CMA Magazine
(The Canadian magazine for Certified Management Accountants)
May 2003, page 29
Book Review – "The Sustainable Advantage," by Bob Willard
By ANNE PAPMEHL
Now that Kyoto is a done deal, business practitioners are faced with tough questions of what sacrifices, what costs, and what payback. That’s why this Bob Willard book — "The Sustainability Advantage: Seven Business Case Benefits of a Triple Bottom Line" (New Society Publishers, $39.95 CAD, 201 pages) — couldn't have come at a better time.
Willard, a retired senior manager from IBM with over 35 years private sector experience, has written the first book on how to quantify the business case for sustainable development, as defined by the 1987 Brundtland Report: "development that meets the needs of the present without compromising the ability of future generations to meet their own needs." The triple bottom line Willard is referring to is the three facets of sustainable development: economic prosperity, environmental stewardship and social responsibility.
To test his assumptions, Willard uses a hypothetical computer company he calls "SD Inc.", a composite of the top five global computer companies, IBM, HP, Compaq, Dell and Xerox. SD Inc is assumed to have 1999 revenues of $44 billion, profits of $3 billion and 120,000 employees. (Willard conveniently provides detailed worksheets in the Appendix, which readers can use to plug in their own company specific figures.)
There is nothing hypothetical, however, about the untapped profit potential to be had by visionary companies, committing to sustainable development. Though many companies have applied the sustainability initiatives, they typically find that once all the energy and waste reduction targets have been reached, "the law of diminishing returns inhibits further savings from eco-efficiency programs," writes Willard. "A new phase must be entered."
That new phase needn't be costly, as Willard argues: "When creative, whole systems, ecologically based thinking is married with intelligent engineering and ecological design throughout the business, big savings can actually cost less up front than small or no savings."

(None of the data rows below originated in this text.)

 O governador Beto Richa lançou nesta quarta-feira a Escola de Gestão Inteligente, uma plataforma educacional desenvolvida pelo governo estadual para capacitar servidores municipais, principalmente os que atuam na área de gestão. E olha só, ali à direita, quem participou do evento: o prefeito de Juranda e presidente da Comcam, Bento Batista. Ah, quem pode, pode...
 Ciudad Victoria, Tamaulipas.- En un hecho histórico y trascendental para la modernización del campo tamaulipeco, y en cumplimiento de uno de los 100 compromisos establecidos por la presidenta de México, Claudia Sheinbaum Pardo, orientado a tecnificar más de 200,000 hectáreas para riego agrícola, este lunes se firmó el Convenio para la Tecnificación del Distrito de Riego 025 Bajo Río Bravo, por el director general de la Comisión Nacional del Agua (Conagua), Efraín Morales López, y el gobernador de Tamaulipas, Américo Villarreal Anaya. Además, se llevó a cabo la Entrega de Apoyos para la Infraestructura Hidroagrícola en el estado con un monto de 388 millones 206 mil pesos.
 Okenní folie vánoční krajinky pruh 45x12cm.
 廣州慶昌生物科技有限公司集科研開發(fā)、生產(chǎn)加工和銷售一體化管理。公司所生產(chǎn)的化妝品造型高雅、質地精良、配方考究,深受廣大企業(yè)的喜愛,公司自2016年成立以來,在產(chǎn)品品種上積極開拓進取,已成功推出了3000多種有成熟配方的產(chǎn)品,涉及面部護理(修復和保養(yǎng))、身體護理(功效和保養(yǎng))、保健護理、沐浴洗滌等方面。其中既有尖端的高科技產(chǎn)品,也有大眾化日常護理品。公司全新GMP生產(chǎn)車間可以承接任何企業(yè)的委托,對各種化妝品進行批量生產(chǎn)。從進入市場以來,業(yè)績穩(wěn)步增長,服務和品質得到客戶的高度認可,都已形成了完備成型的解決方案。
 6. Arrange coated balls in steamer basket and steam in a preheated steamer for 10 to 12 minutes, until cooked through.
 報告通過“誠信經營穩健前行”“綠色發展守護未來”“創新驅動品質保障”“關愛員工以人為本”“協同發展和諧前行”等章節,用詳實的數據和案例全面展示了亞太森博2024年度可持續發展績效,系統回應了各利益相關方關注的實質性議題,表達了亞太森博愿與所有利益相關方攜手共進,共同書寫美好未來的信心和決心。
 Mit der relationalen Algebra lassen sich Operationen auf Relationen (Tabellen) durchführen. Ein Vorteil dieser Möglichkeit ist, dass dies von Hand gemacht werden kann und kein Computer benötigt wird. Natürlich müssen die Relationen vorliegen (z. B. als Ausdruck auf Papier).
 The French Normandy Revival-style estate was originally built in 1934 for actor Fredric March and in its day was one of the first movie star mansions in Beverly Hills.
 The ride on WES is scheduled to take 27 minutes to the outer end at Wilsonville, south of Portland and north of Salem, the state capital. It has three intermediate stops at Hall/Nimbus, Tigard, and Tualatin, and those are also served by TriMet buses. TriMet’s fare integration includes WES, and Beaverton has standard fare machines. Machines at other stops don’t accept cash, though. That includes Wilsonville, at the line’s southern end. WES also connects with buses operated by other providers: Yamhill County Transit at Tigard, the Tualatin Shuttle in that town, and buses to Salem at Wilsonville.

At present, "corporations are squandering bottom line profits that could easily be achieved by adapting sustainable strategies." By integrating sustainability into their business model and thinking, corporations can realize the following seven bottom line benefits:
- Easier hiring of the best talent – Researchers estimate that the most important corporate resource over the next 20 years will be talented employees, many of which pay attention to corporate social and environmental behaviour. Willard shows how recruiting costs for SD Inc. could be reduced by 5% through a positive SD branding.
- Higher retention of top talent – Keeping your most talented employees in today's competitive environment is challenging, but studies show that talented employees tend to stay with a company when they have meaningful work. Willard shows how SD Inc., in embracing a sustainable framework, could avoid $38 million in costs, "which is like adding $38 million pure profit to the bottom line."
- Increasing employee productivity – Willard discusses the connection between meaningful work and productivity. Engage the entire organization in sustainable development goals like zero emissions, self-sufficient energy production, zero waste, helping restore the planet’s health, you get more back from your employees. SD Inc.'s productivity benefit translates into $756 million, the equivalent of 12,600 extra employees.
- Reduced expenses in manufacturing – If companies substituted 'waste' with 'squandered corporate asset,' "corporations would be pressured by their shareholders to pay more attention to this opportunity for cost savings." Here, Willard points out those savings opportunities through eliminating or recycling waste, redesigning processes to use less energy, water and materials in manufacturing — the low hanging fruits of eco-efficiency — and then identifies less obvious opportunities.
- Reduced expenses at commercial sites – A lot of unnecessary waste takes place at non-manufacturing sites. Through more judicious waste handling, energy efficiency, water conservation, naturalized landscaping, SD Inc. can add $26 million pure profit.
- Increased revenue/market share – By tapping into the trend of consumer preference for 'green' products, Willard shows how SD Inc. can increase its revenue by 5% a year (an extra $2.2 billion) and increased profits of $150 million.
- Reduced risk, easier financing – Companies that show environmental and social responsibility tend to be viewed as less risky and that can translate into cost avoidance, lower insurance premiums, reduced legal and regulatory costs, preferred rates on loans, greater investor appeal, and avoidance of lost revenue from consumer activist actions.
Willard's conservative numerical estimates and real life examples augment the credibility of his arguments. The book is meticulously researched and documented, complete with end-notes, bibliography and earlier-mentioned appendix with worksheets, which are also available separately as Excel spreadsheets from the publisher..
Willard's optimistic yet realistic handbook is perfect for any business practitioner looking to turn sustainability into competitive advantage. Though its primary reading audience is senior executives, the book will also interest consultants working with these executives, environmental affairs department directors, HR directors, management accountants, prospective employees, academics, government agencies, NGOs and shareholders looking for less 'emotional' reasons for companies to be environmentally and socially responsible.